### What is being asked
Could you repeat the data word for word while skipping the pictures?

### Data segment
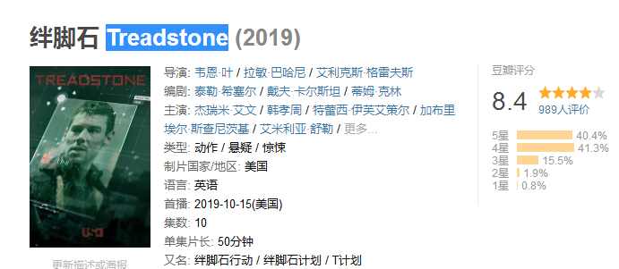 不过,友情提示:这部借以《谍》故事中“绊脚石”组织名号的剧,实际剧情可能要与原故事有所区别。二者唯一相同的就是“好看”,目前这部剧在豆瓣评分为8.4分,烂番茄95%爆米花鲜度,iMDb为7.3分。
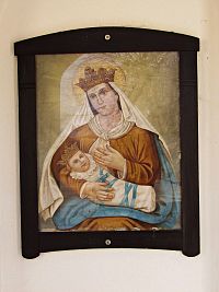 V jejím interiéru se nachází kopie tak trochu neobvyklého oltářního obrazu z kostela na Malenisku - podoba Bohorodičky kojící svého synáčka.
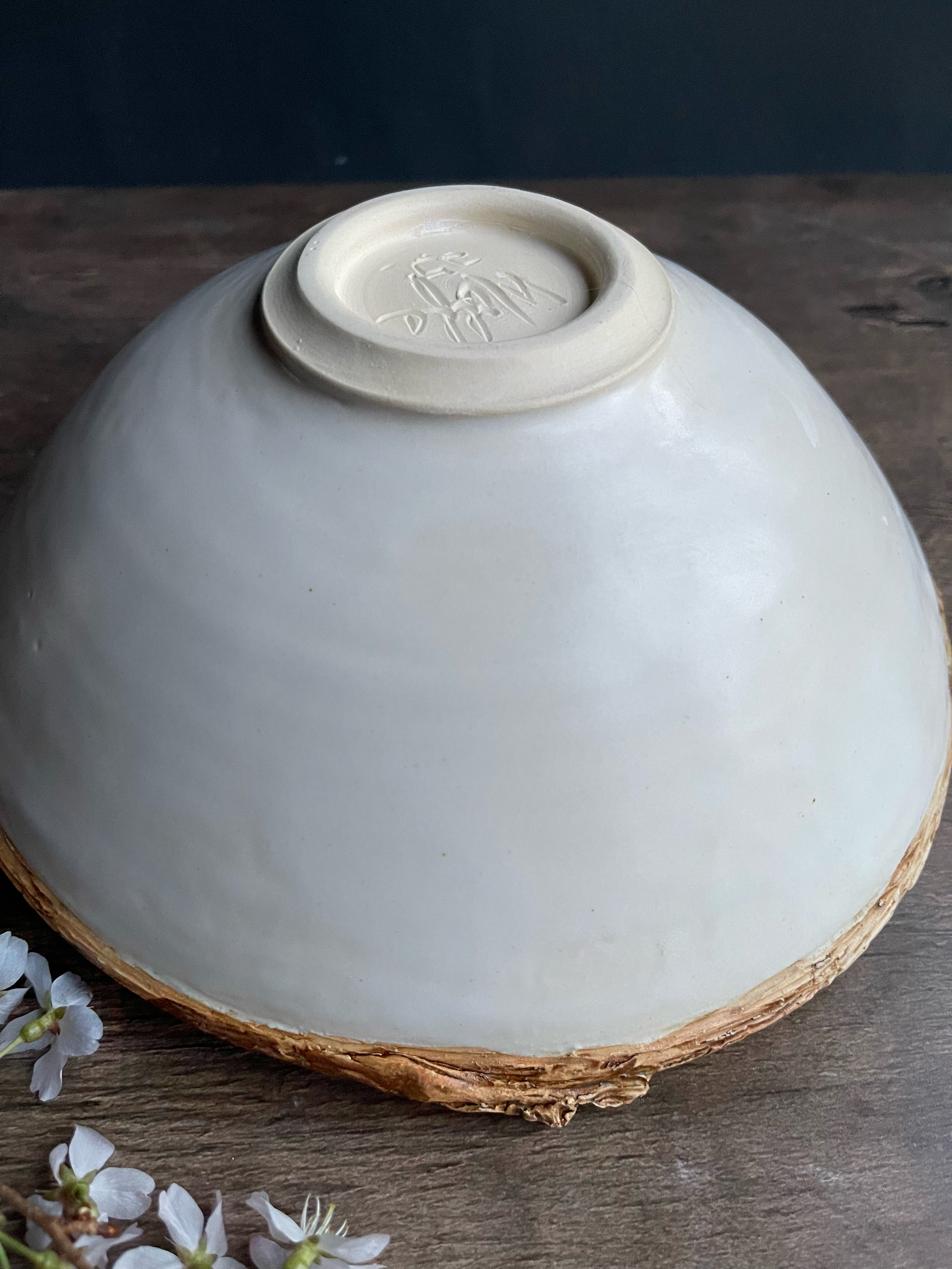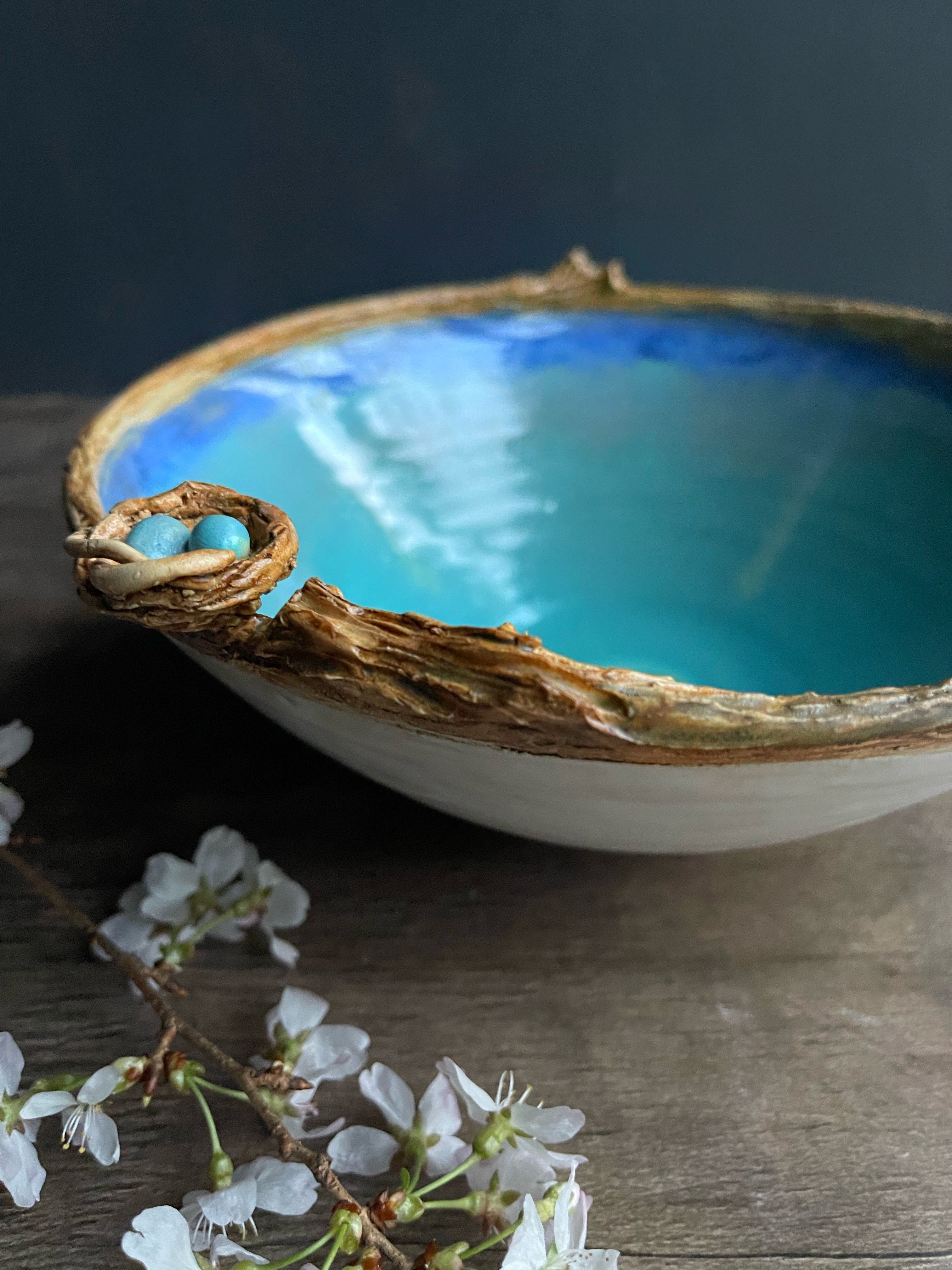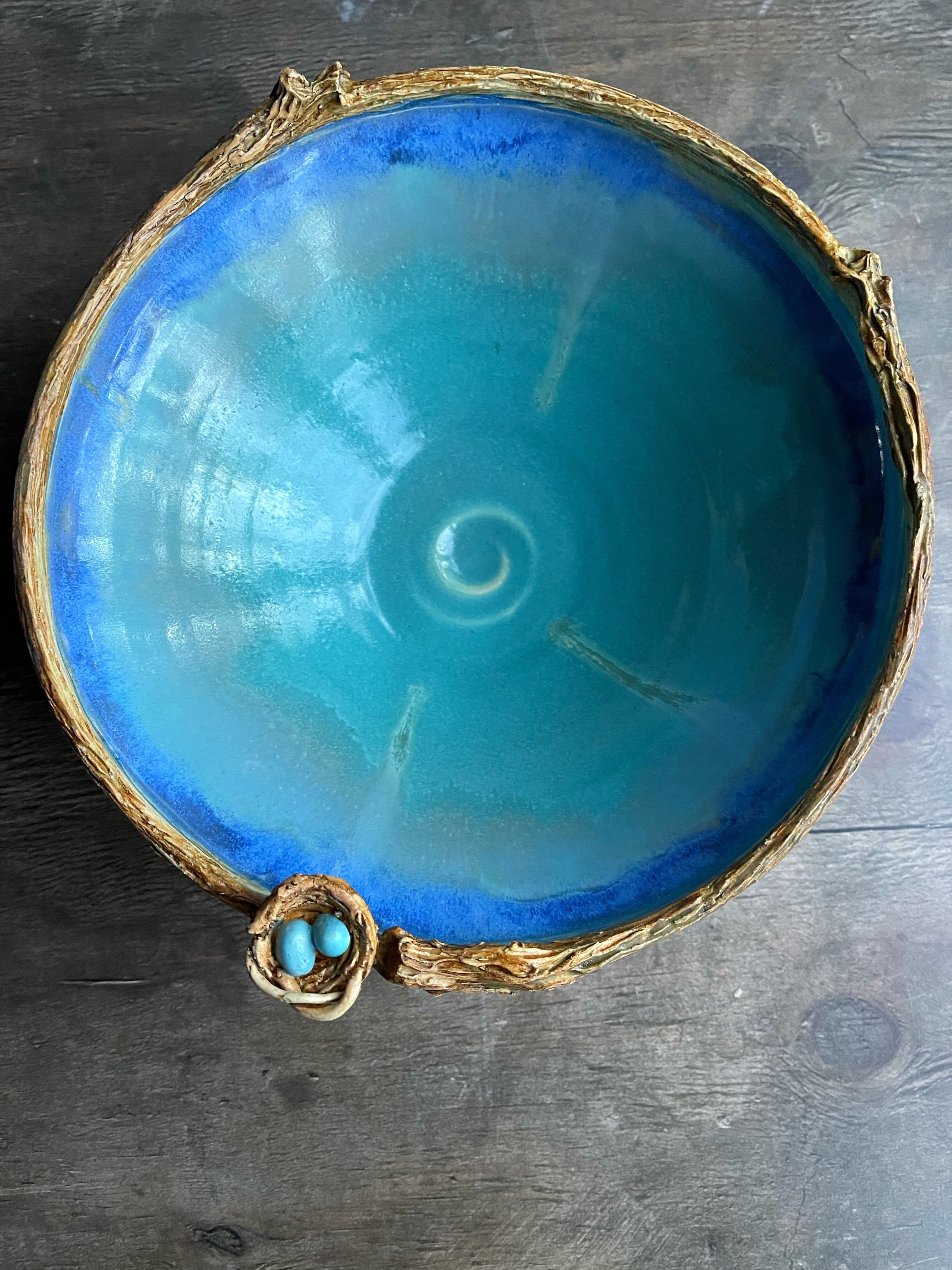 Textured tree branch rimmed bowl with tiny birds nest glazed in multicolor glazes inside.
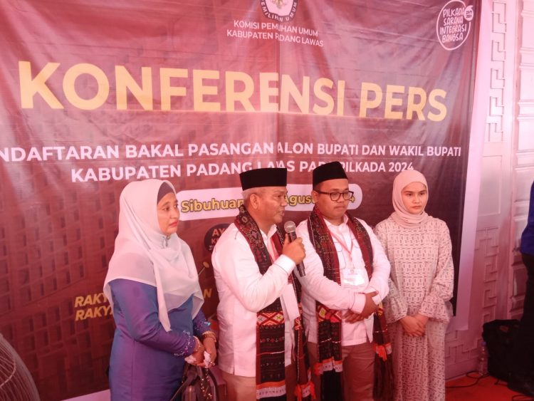 PADANG LAWAS, Media Berantas Kriminal – Usai melaksanakan pendaftaran, pasangan calon Bupati dan Wakil Bupati Kabupaten Padang lawas (Cabup dan Cawabup Palas) drg. H. Ahmad Zarnawi Pasaribu, C.Ht., MM., M.Si., MH dan Muhammad Ifdal Hasayangan Harahap, SE, MM., (Adil) melakukan konferensi pers di kantor KPU Palas.

### Solution to the problem
 不过,友情提示:这部借以《谍》故事中“绊脚石”组织名号的剧,实际剧情可能要与原故事有所区别。二者唯一相同的就是“好看”,目前这部剧在豆瓣评分为8.4分,烂番茄95%爆米花鲜度,iMDb为7.3分。
 V jejím interiéru se nachází kopie tak trochu neobvyklého oltářního obrazu z kostela na Malenisku - podoba Bohorodičky kojící svého synáčka.
 Textured tree branch rimmed bowl with tiny birds nest glazed in multicolor glazes inside.
 PADANG LAWAS, Media Berantas Kriminal – Usai melaksanakan pendaftaran, pasangan calon Bupati dan Wakil Bupati Kabupaten Padang lawas (Cabup dan Cawabup Palas) drg. H. Ahmad Zarnawi Pasaribu, C.Ht., MM., M.Si., MH dan Muhammad Ifdal Hasayangan Harahap, SE, MM., (Adil) melakukan konferensi pers di kantor KPU Palas.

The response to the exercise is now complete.